Task requirements
The line holding "Information: Eleganta Shelovet-stövlar" is the last one to output; start at the first line of the data, keep every line in between exactly, and leave out pictures.

Recorded data

★ ★ ★

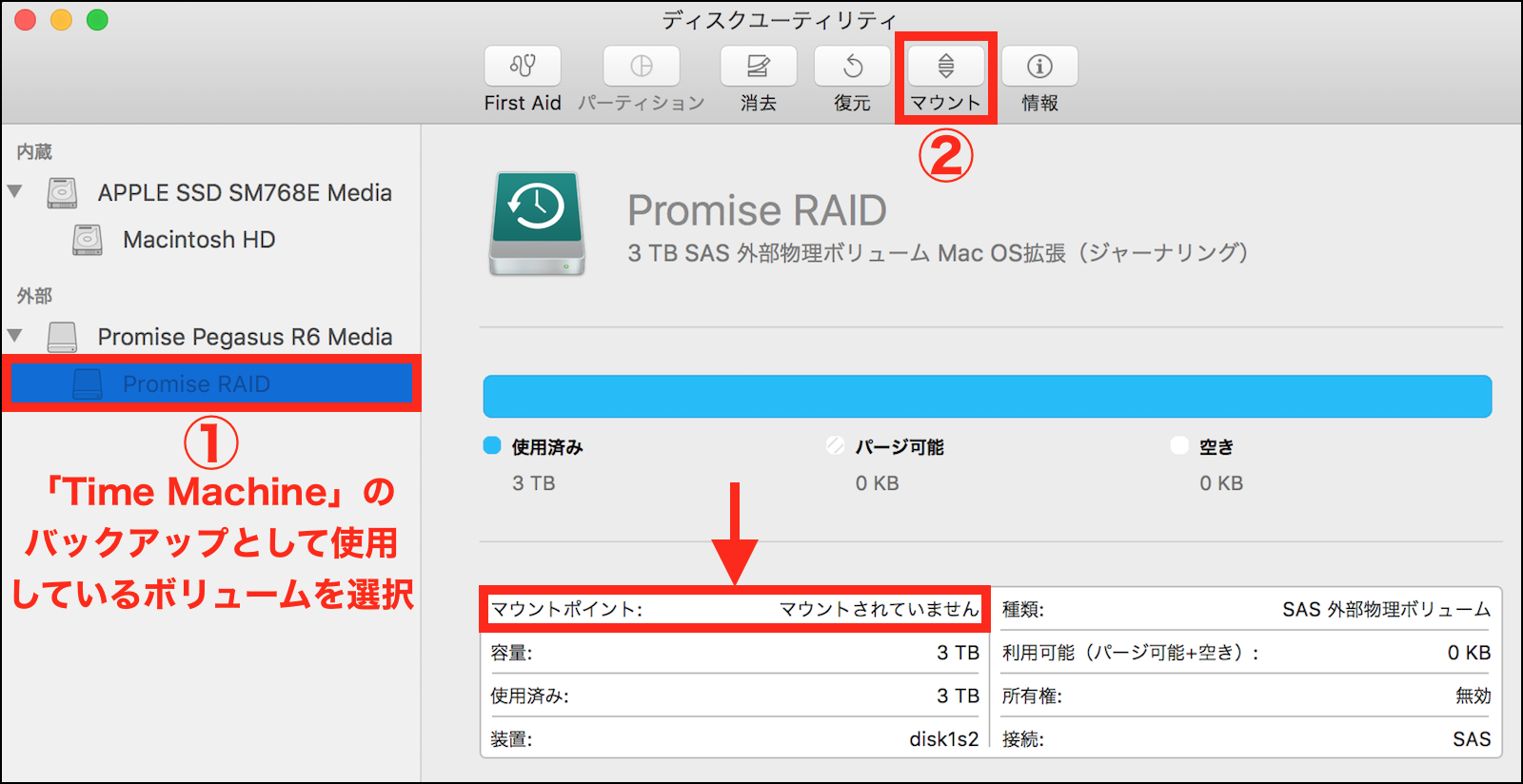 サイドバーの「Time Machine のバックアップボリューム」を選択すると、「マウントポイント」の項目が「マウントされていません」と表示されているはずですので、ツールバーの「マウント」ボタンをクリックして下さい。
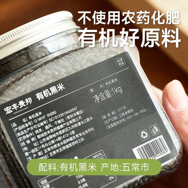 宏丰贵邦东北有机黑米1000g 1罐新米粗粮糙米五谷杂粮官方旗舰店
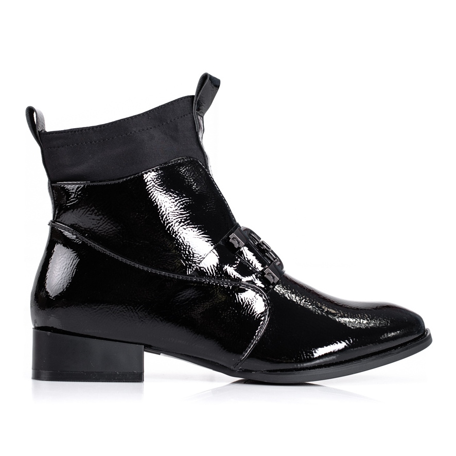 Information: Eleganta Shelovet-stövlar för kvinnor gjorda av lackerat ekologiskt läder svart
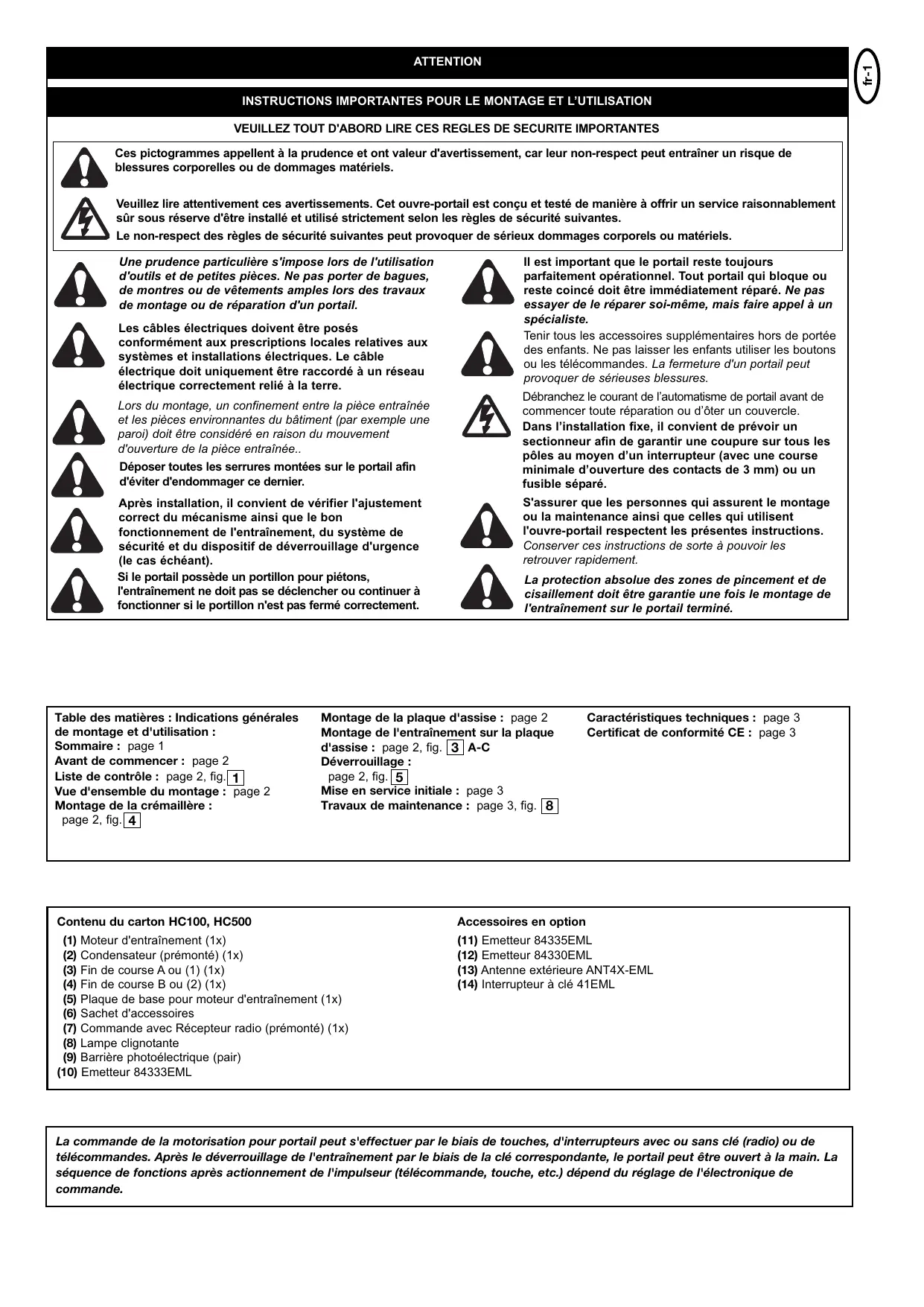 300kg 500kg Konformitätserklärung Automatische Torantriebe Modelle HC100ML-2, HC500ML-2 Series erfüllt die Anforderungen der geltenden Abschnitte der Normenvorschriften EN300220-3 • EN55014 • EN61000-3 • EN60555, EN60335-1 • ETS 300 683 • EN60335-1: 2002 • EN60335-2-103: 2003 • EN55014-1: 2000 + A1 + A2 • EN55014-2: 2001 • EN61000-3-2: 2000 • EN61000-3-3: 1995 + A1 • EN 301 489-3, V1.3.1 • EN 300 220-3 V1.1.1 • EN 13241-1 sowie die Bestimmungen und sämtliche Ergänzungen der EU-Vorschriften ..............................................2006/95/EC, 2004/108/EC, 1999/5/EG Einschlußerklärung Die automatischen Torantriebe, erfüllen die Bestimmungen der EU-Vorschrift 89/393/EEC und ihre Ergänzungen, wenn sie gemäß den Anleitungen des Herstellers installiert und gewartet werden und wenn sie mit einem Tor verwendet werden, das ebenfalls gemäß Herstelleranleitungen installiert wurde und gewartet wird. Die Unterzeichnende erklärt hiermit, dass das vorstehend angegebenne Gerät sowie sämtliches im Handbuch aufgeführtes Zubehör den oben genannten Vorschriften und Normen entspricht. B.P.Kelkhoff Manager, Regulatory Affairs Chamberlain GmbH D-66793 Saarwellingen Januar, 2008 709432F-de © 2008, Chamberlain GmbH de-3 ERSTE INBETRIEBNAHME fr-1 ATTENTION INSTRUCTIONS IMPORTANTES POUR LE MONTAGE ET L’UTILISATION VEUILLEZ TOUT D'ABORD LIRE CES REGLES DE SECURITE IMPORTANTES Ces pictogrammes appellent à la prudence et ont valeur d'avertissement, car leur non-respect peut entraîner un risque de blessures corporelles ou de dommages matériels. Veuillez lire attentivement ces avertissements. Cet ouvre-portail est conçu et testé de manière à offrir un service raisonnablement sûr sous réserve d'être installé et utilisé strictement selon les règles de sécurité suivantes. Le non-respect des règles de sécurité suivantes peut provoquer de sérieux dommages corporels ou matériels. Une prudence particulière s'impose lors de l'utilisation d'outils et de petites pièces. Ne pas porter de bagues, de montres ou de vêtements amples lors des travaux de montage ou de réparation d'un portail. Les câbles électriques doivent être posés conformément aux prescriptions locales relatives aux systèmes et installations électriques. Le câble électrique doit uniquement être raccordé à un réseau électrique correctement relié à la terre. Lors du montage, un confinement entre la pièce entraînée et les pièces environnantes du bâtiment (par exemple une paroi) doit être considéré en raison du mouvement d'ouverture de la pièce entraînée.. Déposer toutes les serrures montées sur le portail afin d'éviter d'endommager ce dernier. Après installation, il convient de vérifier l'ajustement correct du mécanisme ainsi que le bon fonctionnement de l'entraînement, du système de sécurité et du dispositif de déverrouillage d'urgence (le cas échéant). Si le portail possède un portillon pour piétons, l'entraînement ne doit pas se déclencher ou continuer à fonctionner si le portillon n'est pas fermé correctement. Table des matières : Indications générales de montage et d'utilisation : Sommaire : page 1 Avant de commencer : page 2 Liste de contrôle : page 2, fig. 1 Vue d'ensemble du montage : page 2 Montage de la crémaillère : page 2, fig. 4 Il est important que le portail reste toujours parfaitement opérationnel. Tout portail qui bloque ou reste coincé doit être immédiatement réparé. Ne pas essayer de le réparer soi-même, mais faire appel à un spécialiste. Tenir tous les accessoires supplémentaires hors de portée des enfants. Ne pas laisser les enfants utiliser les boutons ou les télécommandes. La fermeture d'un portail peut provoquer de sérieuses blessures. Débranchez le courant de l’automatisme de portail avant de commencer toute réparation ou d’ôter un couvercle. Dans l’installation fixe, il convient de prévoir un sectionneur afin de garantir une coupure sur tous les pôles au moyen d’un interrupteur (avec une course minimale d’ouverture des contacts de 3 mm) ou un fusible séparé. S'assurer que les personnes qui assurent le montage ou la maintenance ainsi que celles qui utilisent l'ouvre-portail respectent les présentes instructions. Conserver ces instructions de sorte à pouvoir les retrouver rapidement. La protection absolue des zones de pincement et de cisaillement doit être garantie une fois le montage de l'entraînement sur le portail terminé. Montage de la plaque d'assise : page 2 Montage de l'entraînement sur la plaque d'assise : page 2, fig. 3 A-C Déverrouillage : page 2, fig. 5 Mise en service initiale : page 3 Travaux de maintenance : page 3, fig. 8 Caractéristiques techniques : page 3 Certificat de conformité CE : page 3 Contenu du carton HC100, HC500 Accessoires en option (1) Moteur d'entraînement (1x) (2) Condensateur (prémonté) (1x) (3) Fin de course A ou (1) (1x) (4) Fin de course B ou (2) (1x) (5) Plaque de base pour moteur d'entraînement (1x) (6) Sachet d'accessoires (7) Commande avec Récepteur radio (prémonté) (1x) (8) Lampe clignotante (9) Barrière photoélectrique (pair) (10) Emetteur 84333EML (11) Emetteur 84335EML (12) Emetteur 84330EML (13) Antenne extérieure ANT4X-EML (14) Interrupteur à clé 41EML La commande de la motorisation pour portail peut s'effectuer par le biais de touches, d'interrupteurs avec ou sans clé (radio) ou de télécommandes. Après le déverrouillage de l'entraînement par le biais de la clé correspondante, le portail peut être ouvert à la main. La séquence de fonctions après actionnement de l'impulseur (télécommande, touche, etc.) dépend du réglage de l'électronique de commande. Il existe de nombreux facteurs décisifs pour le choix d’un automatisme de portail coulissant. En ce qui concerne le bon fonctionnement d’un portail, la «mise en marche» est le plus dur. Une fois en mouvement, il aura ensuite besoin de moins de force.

★ ★ ★

Worked solution
 サイドバーの「Time Machine のバックアップボリューム」を選択すると、「マウントポイント」の項目が「マウントされていません」と表示されているはずですので、ツールバーの「マウント」ボタンをクリックして下さい。
 宏丰贵邦东北有机黑米1000g 1罐新米粗粮糙米五谷杂粮官方旗舰店
 Information: Eleganta Shelovet-stövlar för kvinnor gjorda av lackerat ekologiskt läder svart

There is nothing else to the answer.